§ **Input**:
******************************
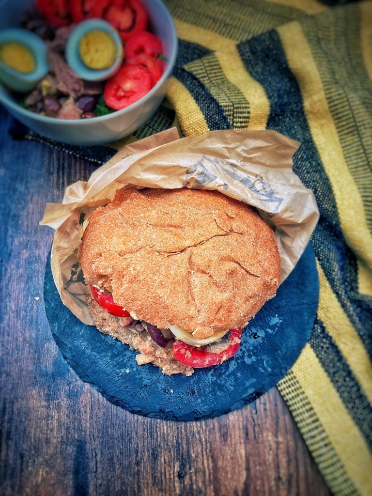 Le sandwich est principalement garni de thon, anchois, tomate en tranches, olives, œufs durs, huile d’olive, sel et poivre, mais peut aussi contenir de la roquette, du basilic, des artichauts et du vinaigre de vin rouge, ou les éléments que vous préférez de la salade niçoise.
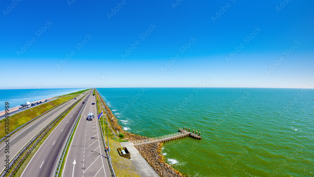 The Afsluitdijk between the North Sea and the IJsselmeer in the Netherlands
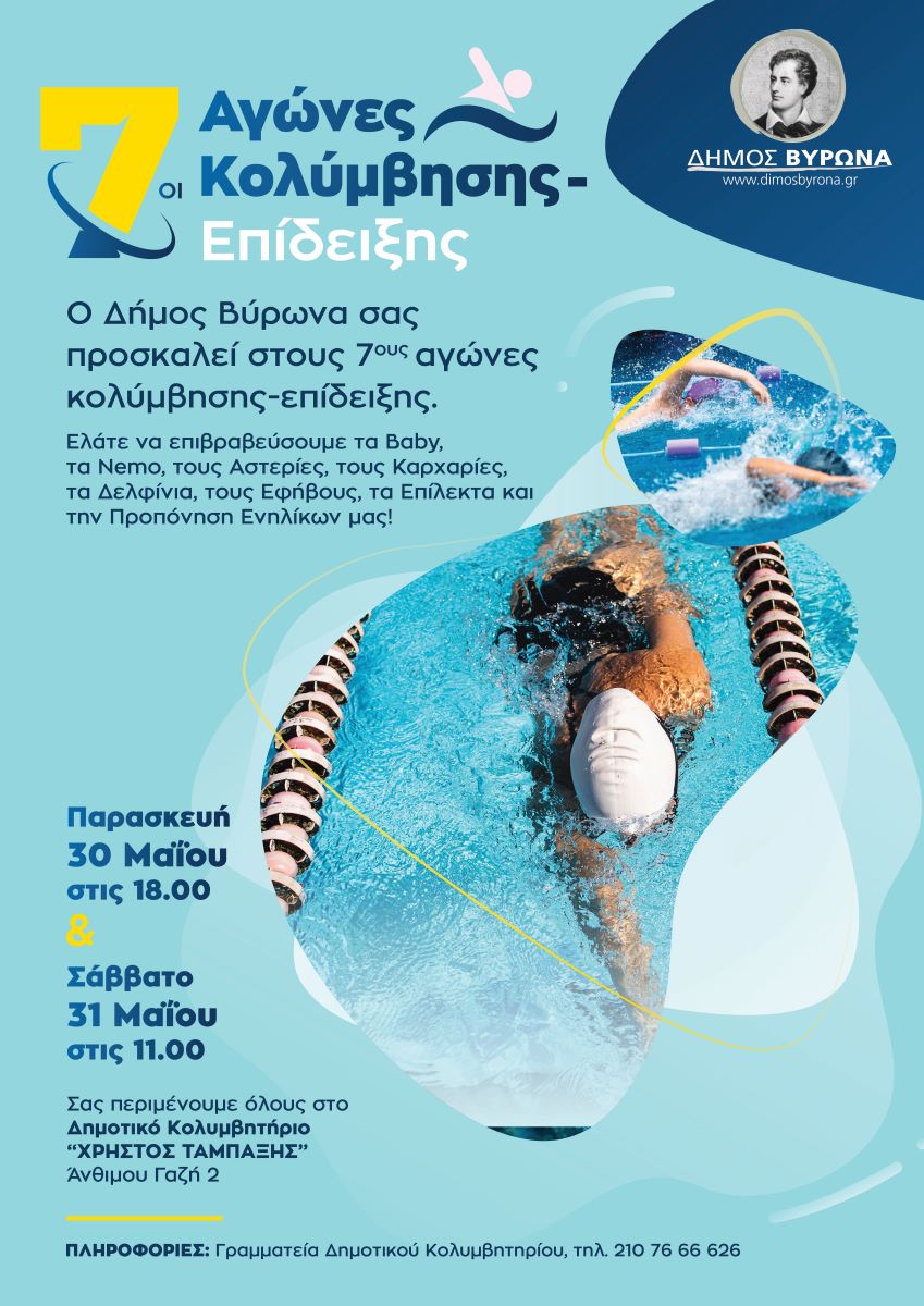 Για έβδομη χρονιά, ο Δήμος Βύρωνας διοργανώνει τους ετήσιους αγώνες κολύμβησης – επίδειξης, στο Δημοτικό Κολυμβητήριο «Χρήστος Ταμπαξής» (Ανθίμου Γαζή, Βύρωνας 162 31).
******************************
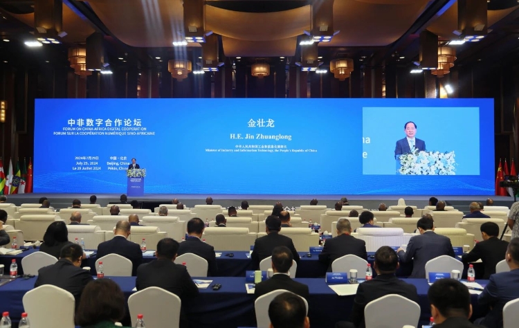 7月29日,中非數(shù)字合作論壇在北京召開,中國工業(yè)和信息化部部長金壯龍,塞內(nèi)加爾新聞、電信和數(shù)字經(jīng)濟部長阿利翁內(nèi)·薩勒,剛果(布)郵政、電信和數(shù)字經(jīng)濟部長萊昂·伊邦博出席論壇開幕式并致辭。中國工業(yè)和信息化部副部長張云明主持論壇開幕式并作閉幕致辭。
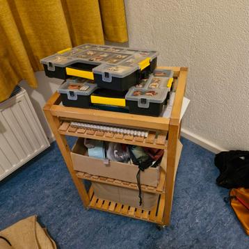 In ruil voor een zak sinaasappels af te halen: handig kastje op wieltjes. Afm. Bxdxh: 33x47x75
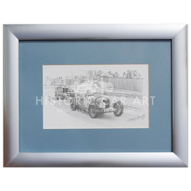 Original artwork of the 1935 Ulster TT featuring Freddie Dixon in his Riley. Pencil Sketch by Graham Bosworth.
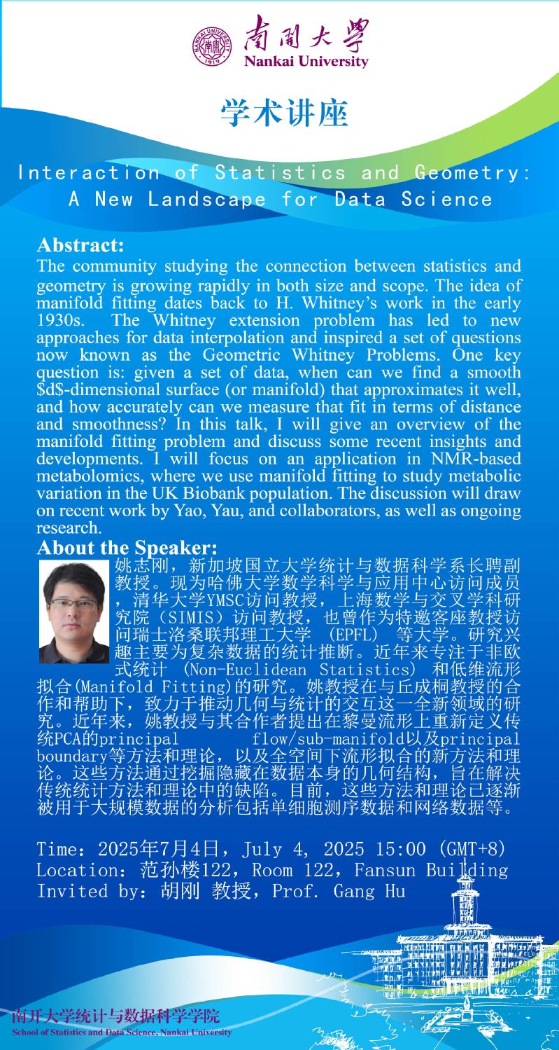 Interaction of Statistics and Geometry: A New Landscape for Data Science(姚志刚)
******************************
§ **Instructions for the task**: The copy should hold exactly the lines above from the one with "Original artwork of" through the one with "Interaction of Statistics", both ends counted, and no pictures at all.

§ **Answer area**:
 Original artwork of the 1935 Ulster TT featuring Freddie Dixon in his Riley. Pencil Sketch by Graham Bosworth.
 Interaction of Statistics and Geometry: A New Landscape for Data Science(姚志刚)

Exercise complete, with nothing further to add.